At the end of a scene, the camera might tilt up (or pan sideways) and away from the characters. Typically, the benign footage of a building or tree might be cross-faded to the next scene, so you barely notice this transition technique. But here, Steere draws attention. He not only picks takes where the tilt’s motion is clumsy, but also has the shot last far too long. It gets snared haphazardly in trees and lingers amusingly, urging us to see the humor in this awkwardness. These elements blend beautifully with the cast’s performances that range from wooden to over-earnest to cringingly theatrical. All of this also suggests that the Chinese “ninjas” aren’t woefully ignorant conflation of Asian heritages, but a winking barb about Orientalism in American movies. And while the lead female role is a sex worker who is repeatedly shamed by the priests, the movie doesn’t use her as an excuse for T&A. Actually, the sex scene shows more of his skin than hers, and her costumes are very tame, not just in the world of B-movies but even compared to Julia Roberts in Pretty Woman.

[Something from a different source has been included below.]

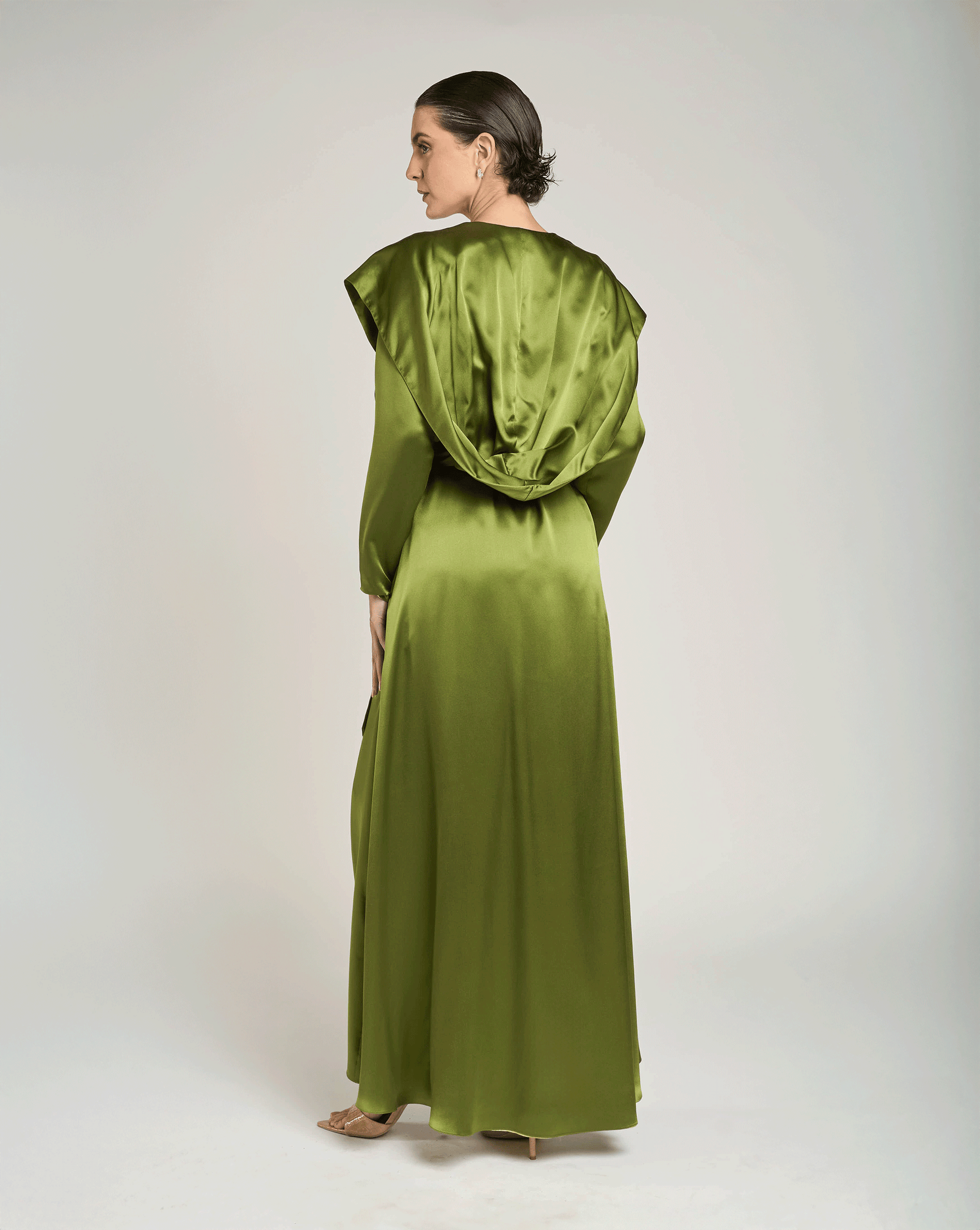 Its sleek design and versatile green hue make it a standout piece, bringing timeless elegance to any wardrobe. Perfect for any occasion, this refined robe pairs beautifully with the EVERGREEN SLIP for a complete and sophisticated ensemble.

Watching The VelociPastor, I was reminded of Will Ferrell and Kristen Wiig’s controversial Lifetime movie A Deadly Adoption, which leaned so keenly into the tropes of that subgenre that audiences unfamiliar were totally baffled by it. Meanwhile, those of us who can’t get enough of that kind of so-called “trash” got to revel in how that wacky made-for-TV movie prodded at the best and worst bits of those fear-prodding, tear-jerking thrillers. Part of what made that movie so much fun was it played on both levels. You could watch it as just another hyperbolic cautionary tale that involves envy, deception, and death. Or you could see it as two wickedly clever comedians tangoing along the line of tragedy and comedy, simultaneously relishing and mocking Lifetime’s cliches. Steere succeeds here too. If you’re looking for a ludicrous movie for a fun time, The VelociPastor delivers with plenty of violence, action, and bonkers bits. But this dumb movie has a surprisingly sly sophistication that also makes it a tribute and commentary of B-movies, cheekily mocking their sloppiness while celebrating their wild creativity and bonkers ambitions.

Admittedly, I set out to laugh at The VelociPastor. But Steere instead made a clever (girl?) movie that invites us to laugh along with him.

The VelociPastor is now on digital and DVD.